I think it would be much more difficult to do this with trans characters because it's a sheer numbers game.

Black people, for example, make up a significant minority of people in the UK and the US. In localised parts of the UK and the US they may even be a majority. I'd be surprised if you could find an Oxford college or a police department or a law firm or a school in any urban area without any black people in it. In rural areas it may be a different matter, and yes, perhaps in a remote village in Scotland with a population of 60 a black visitor would be noticeable in a "you're not from round here" sort of way. So seeing a black detective in a crime drama or a black family in a soap opera set in the UK isn't likely to strike people as inauthentic, because almost everyone living in the UK knows black people in real life. (Same for other ethnicities.)

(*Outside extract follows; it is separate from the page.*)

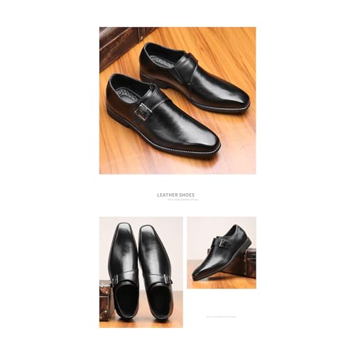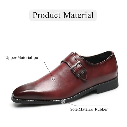 Sole material: Faux LeatherOuter material: Artificial PUClosure type: BuckleWater resistance level: Not Water Resistant【Fashion 】:Featuring finely textured leather uppers, classic pointed toe and slip on, soft leather lining, breathable and comfortable insoles and non-slip rubber soft soles, belt buckle decoration, each pair is strictly handmade by experienced craftsmen.【Comfortable】:The engineered design that fits the arch of your foot allows you to experience zero-pressure softness, the comfortable and soft lining and insole, and the lightweight structure keep your feet odor-free and dry every day, and not easy to wear out your feet.【Non-slip】:Eternal pull-on structure, stable rubber outsole, concave and convex texture are anti-slip and wear-resistant, not only have strong grip, also have good elasticity, helping you walk easily【Scenarios】:This men's leather monk strap loafers brings new fashion to the contemporary man. They allow you to mix and match your outfits for different occasions, making them an ideal choice for your daily life. Suitable for business, casual, formal wear and can also be paired with jeans and travel, shopping, driving, office, nightclub and so on【Gift】:The superior gift for your brother, boyfriend, husband or father, let them look manly in formal occasions, wedding occasions, church occasions, work occasions, business occasions and casual occasions Perfect for everyday use. top-grade materials and excellent craftsmanship ensure long-lasting durability.
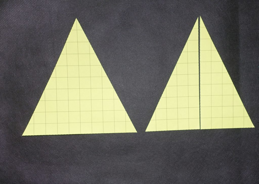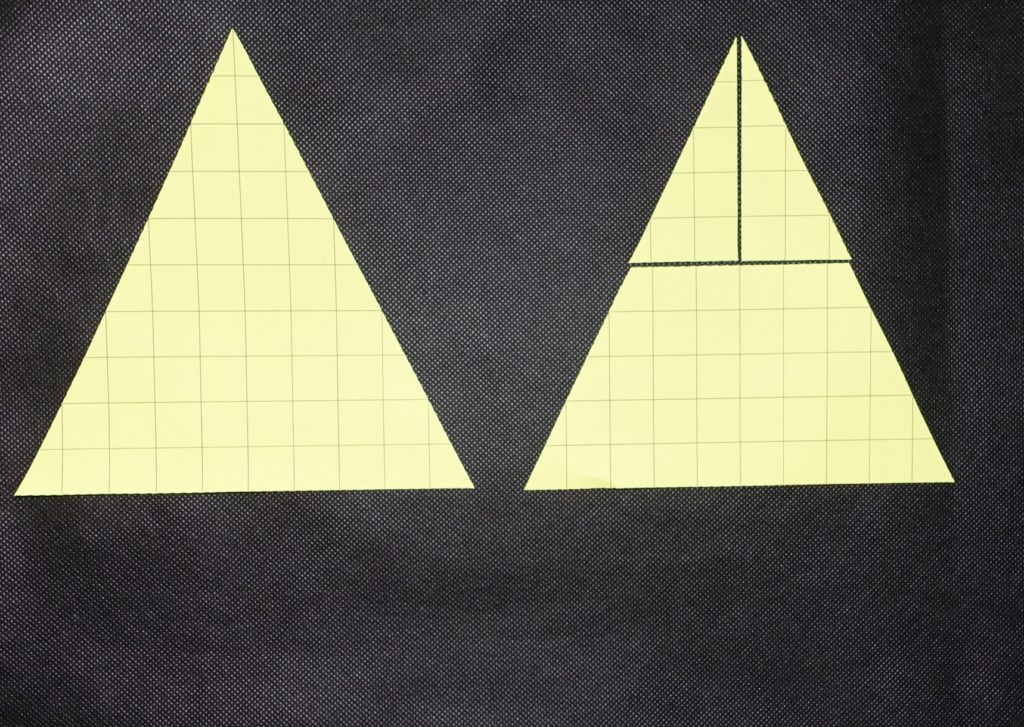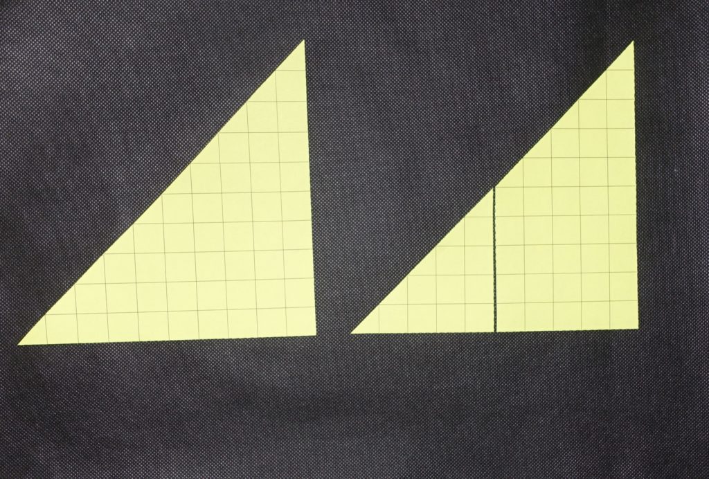 - trójkąt ostrokątny równoramienny o podstawie 10 i wysokości 10 oraz pięć części z których można ułożyć dwa kolejne takie trójkąty,

There just aren't that many trans people and many people don't know any trans people at all and have never knowingly met one. So it's much harder to just randomly stick them into TV programmes in the name of diversity, because people will quite rightly say, "In real life we're not running into trans people every five minutes so why is it like that on TV?"

And also, as previously alluded to, there are no particular plot constraints involved in casting a black person in a role. I suppose the only impact would be that if other characters are supposed to be their blood relatives you would need to cast people of the same ethnicity. But that's the same for all characters really.